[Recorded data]
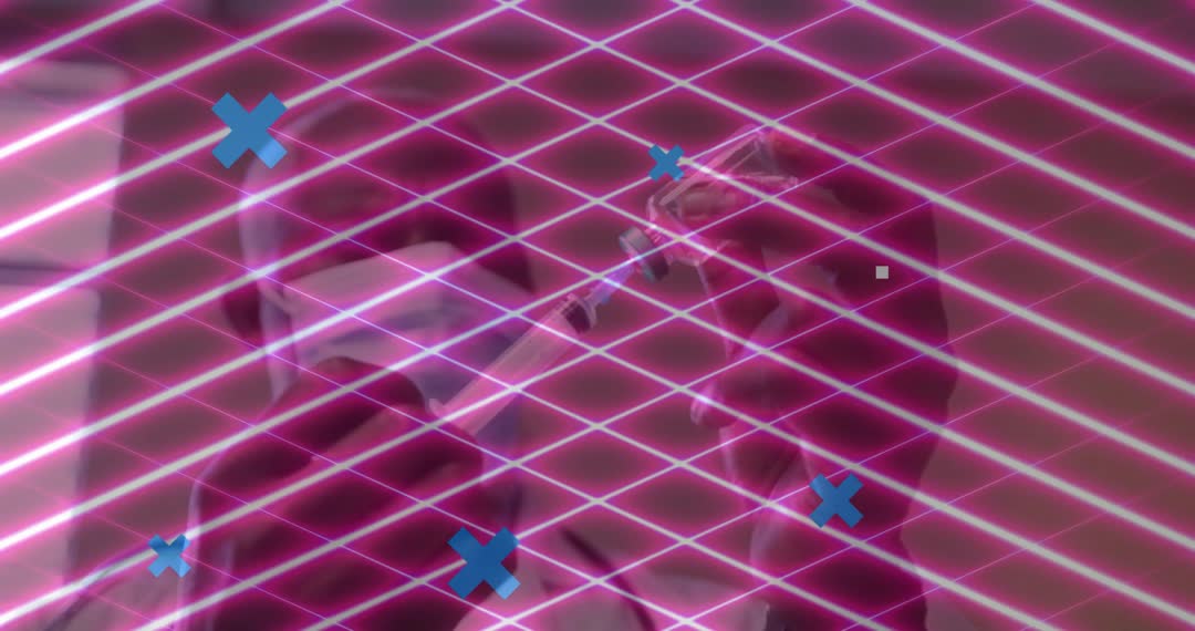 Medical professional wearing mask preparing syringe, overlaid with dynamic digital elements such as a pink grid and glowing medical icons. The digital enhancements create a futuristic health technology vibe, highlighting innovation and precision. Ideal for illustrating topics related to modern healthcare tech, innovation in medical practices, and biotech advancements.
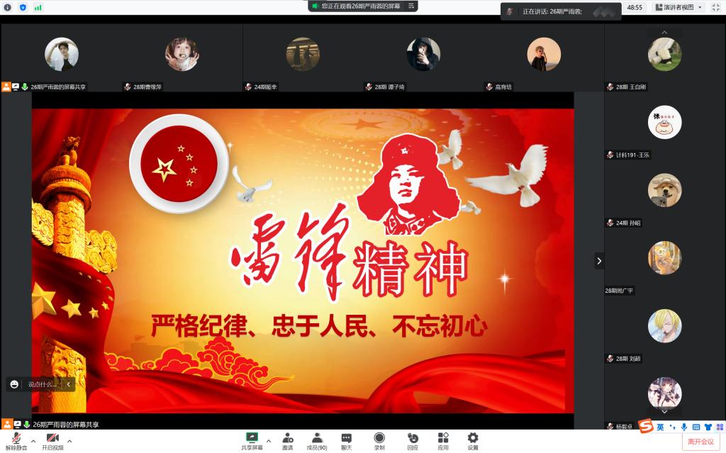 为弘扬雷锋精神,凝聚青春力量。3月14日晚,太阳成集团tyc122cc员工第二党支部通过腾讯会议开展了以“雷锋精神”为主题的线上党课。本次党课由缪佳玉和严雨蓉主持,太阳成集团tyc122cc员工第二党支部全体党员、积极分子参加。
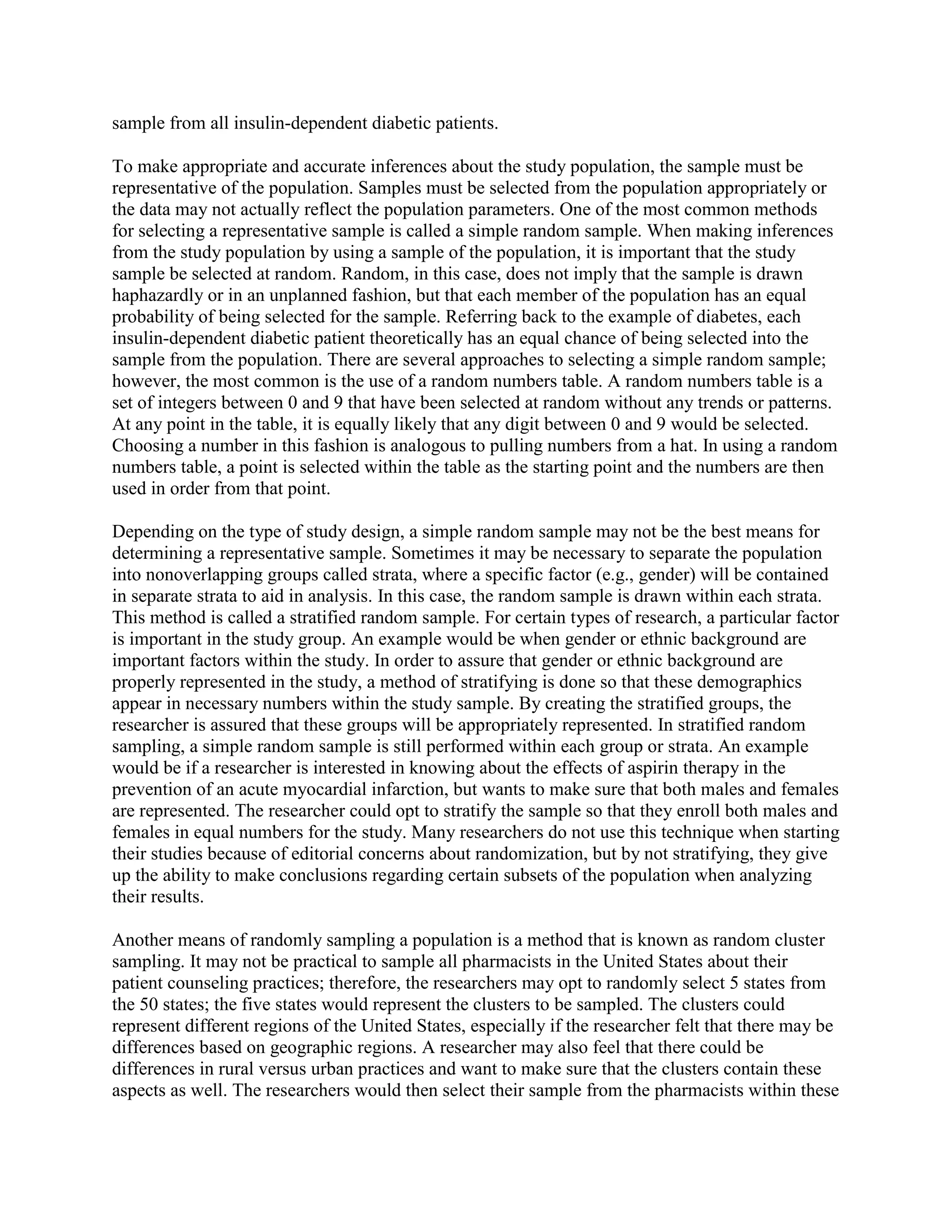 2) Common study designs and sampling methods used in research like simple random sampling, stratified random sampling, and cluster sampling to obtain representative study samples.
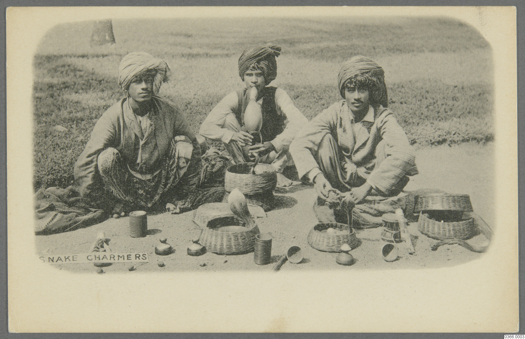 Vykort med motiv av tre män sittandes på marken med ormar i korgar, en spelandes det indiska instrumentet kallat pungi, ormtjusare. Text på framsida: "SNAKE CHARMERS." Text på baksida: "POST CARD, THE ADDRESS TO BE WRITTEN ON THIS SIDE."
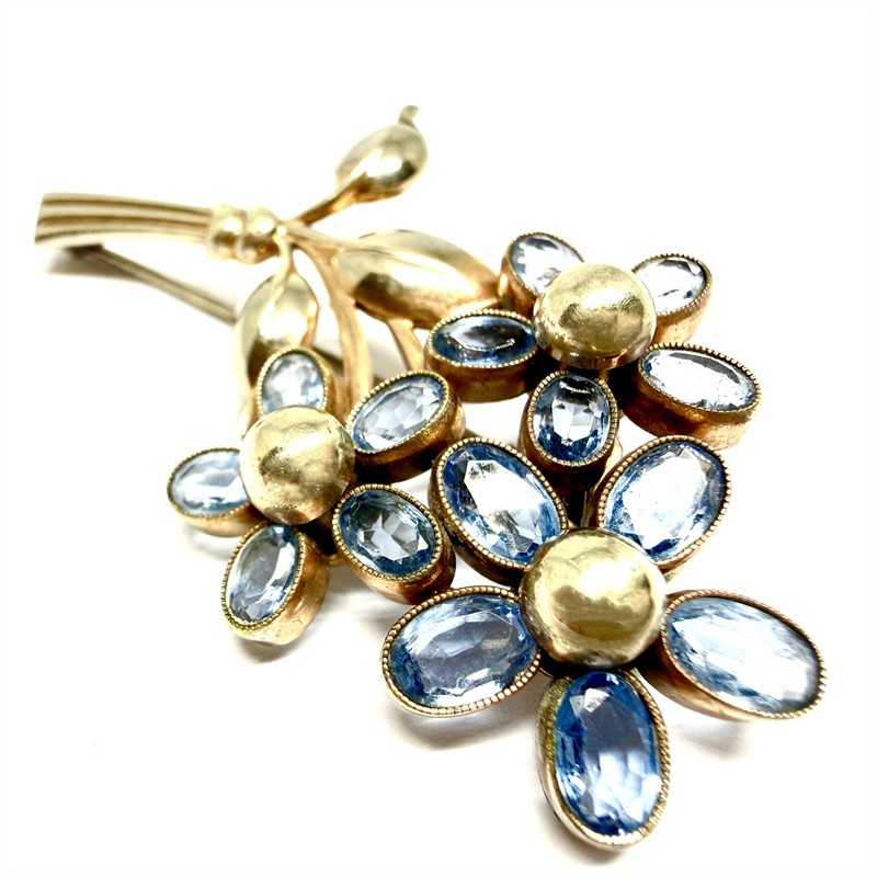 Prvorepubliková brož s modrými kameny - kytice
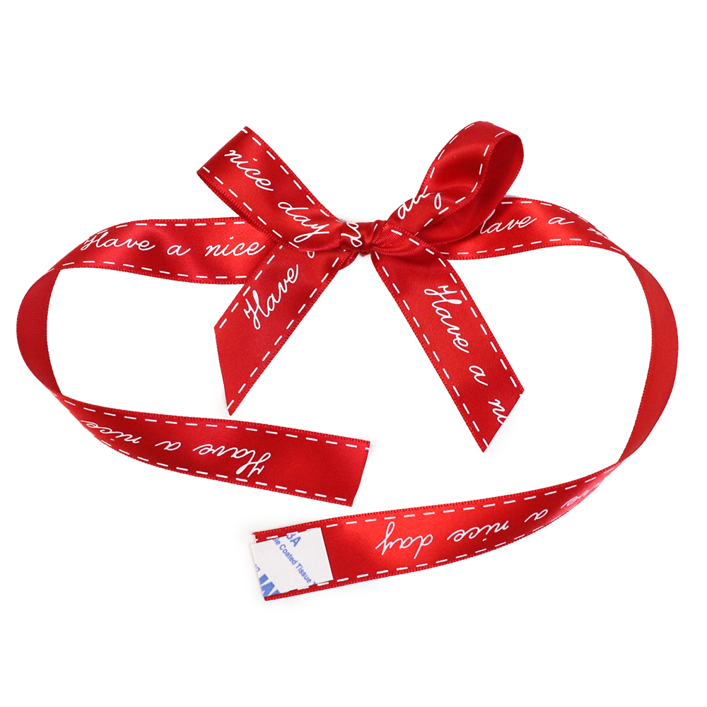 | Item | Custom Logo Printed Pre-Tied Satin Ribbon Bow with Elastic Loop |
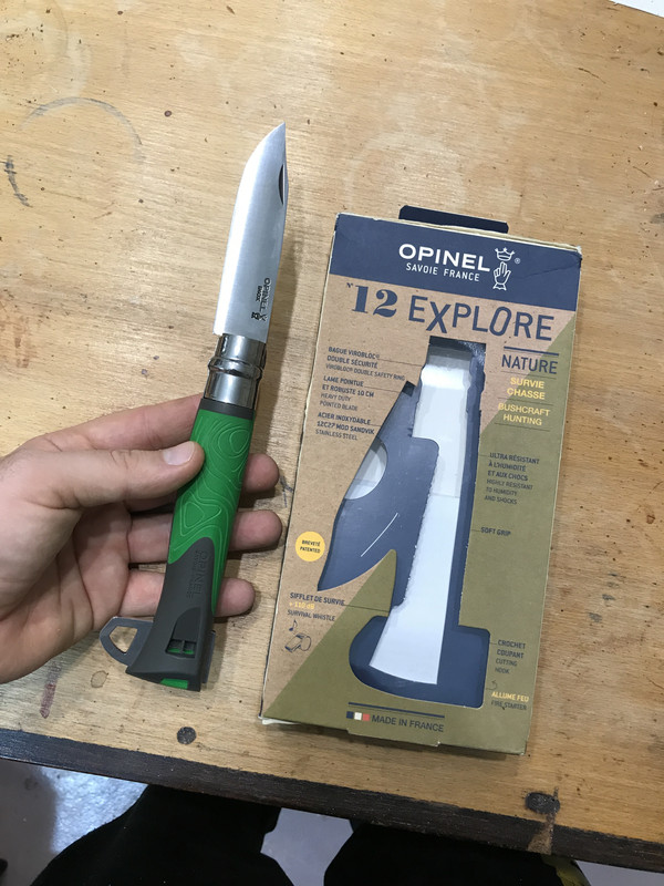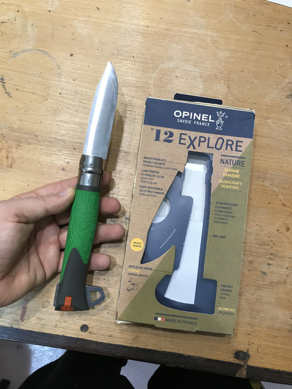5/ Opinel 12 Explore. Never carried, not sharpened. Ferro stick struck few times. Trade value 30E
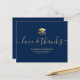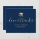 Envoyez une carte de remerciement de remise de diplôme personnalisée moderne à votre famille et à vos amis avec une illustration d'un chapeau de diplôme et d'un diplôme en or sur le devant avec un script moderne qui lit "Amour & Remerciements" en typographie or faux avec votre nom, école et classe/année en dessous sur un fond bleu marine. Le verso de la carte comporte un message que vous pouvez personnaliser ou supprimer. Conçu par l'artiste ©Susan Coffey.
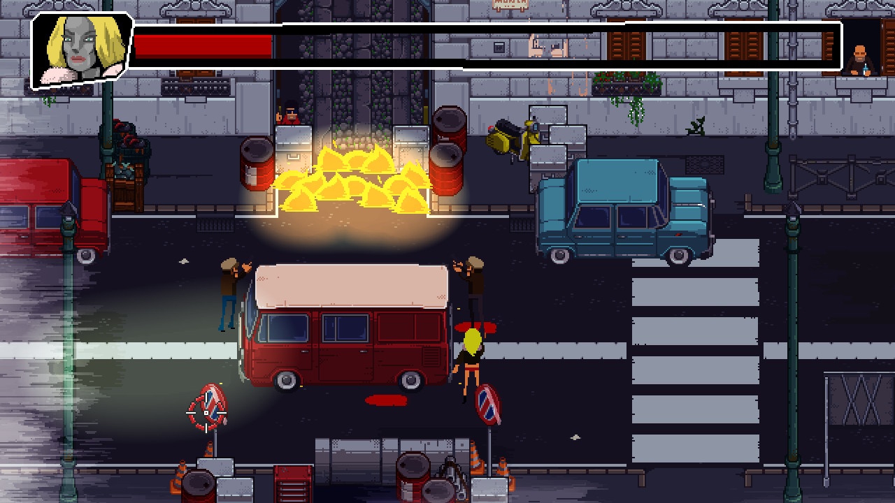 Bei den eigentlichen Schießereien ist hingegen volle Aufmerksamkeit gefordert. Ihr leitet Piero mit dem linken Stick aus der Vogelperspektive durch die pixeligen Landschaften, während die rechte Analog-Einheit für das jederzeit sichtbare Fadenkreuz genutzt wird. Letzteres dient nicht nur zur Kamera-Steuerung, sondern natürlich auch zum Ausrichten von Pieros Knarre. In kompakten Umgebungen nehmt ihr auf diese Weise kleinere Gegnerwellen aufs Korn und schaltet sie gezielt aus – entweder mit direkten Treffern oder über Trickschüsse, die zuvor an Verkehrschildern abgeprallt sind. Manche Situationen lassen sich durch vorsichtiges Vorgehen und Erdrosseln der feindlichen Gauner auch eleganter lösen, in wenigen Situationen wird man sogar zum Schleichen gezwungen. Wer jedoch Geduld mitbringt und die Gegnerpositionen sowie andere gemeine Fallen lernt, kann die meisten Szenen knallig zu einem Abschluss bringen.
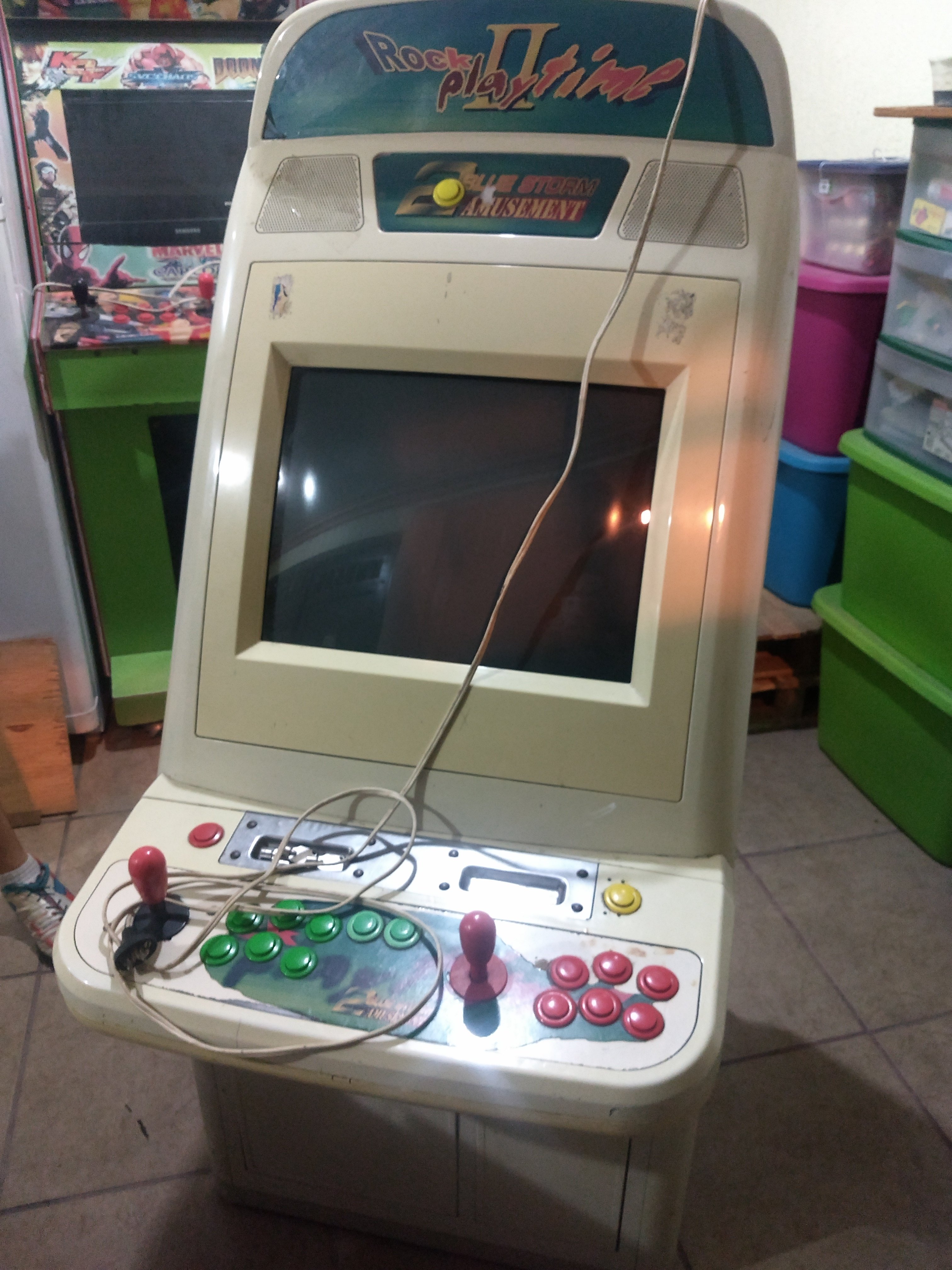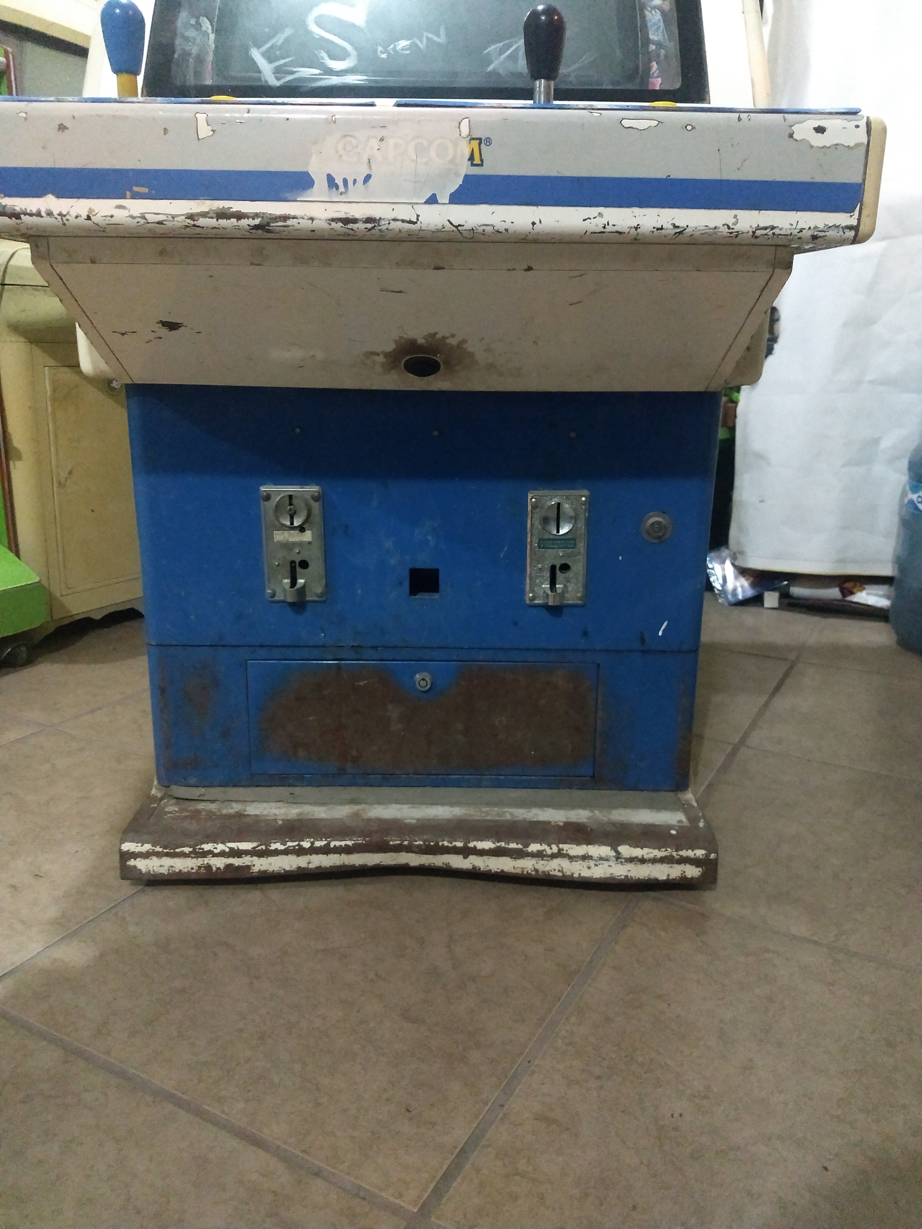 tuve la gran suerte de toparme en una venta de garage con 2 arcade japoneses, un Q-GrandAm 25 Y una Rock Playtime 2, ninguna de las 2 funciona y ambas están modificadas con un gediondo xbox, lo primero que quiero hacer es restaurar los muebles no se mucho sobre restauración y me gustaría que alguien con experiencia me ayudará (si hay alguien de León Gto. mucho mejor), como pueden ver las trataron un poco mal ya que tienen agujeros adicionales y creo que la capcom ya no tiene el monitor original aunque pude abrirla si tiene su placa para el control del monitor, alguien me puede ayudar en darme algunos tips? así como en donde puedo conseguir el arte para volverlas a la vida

▶ Brief
Should the entries hold any pictures, please omit those and print the remaining text exactly.

▶ Solution
 Medical professional wearing mask preparing syringe, overlaid with dynamic digital elements such as a pink grid and glowing medical icons. The digital enhancements create a futuristic health technology vibe, highlighting innovation and precision. Ideal for illustrating topics related to modern healthcare tech, innovation in medical practices, and biotech advancements.
 为弘扬雷锋精神,凝聚青春力量。3月14日晚,太阳成集团tyc122cc员工第二党支部通过腾讯会议开展了以“雷锋精神”为主题的线上党课。本次党课由缪佳玉和严雨蓉主持,太阳成集团tyc122cc员工第二党支部全体党员、积极分子参加。
 2) Common study designs and sampling methods used in research like simple random sampling, stratified random sampling, and cluster sampling to obtain representative study samples.
 Vykort med motiv av tre män sittandes på marken med ormar i korgar, en spelandes det indiska instrumentet kallat pungi, ormtjusare. Text på framsida: "SNAKE CHARMERS." Text på baksida: "POST CARD, THE ADDRESS TO BE WRITTEN ON THIS SIDE."
 Prvorepubliková brož s modrými kameny - kytice
 | Item | Custom Logo Printed Pre-Tied Satin Ribbon Bow with Elastic Loop |
5/ Opinel 12 Explore. Never carried, not sharpened. Ferro stick struck few times. Trade value 30E
 Envoyez une carte de remerciement de remise de diplôme personnalisée moderne à votre famille et à vos amis avec une illustration d'un chapeau de diplôme et d'un diplôme en or sur le devant avec un script moderne qui lit "Amour & Remerciements" en typographie or faux avec votre nom, école et classe/année en dessous sur un fond bleu marine. Le verso de la carte comporte un message que vous pouvez personnaliser ou supprimer. Conçu par l'artiste ©Susan Coffey.
 Bei den eigentlichen Schießereien ist hingegen volle Aufmerksamkeit gefordert. Ihr leitet Piero mit dem linken Stick aus der Vogelperspektive durch die pixeligen Landschaften, während die rechte Analog-Einheit für das jederzeit sichtbare Fadenkreuz genutzt wird. Letzteres dient nicht nur zur Kamera-Steuerung, sondern natürlich auch zum Ausrichten von Pieros Knarre. In kompakten Umgebungen nehmt ihr auf diese Weise kleinere Gegnerwellen aufs Korn und schaltet sie gezielt aus – entweder mit direkten Treffern oder über Trickschüsse, die zuvor an Verkehrschildern abgeprallt sind. Manche Situationen lassen sich durch vorsichtiges Vorgehen und Erdrosseln der feindlichen Gauner auch eleganter lösen, in wenigen Situationen wird man sogar zum Schleichen gezwungen. Wer jedoch Geduld mitbringt und die Gegnerpositionen sowie andere gemeine Fallen lernt, kann die meisten Szenen knallig zu einem Abschluss bringen.
 tuve la gran suerte de toparme en una venta de garage con 2 arcade japoneses, un Q-GrandAm 25 Y una Rock Playtime 2, ninguna de las 2 funciona y ambas están modificadas con un gediondo xbox, lo primero que quiero hacer es restaurar los muebles no se mucho sobre restauración y me gustaría que alguien con experiencia me ayudará (si hay alguien de León Gto. mucho mejor), como pueden ver las trataron un poco mal ya que tienen agujeros adicionales y creo que la capcom ya no tiene el monitor original aunque pude abrirla si tiene su placa para el control del monitor, alguien me puede ayudar en darme algunos tips? así como en donde puedo conseguir el arte para volverlas a la vida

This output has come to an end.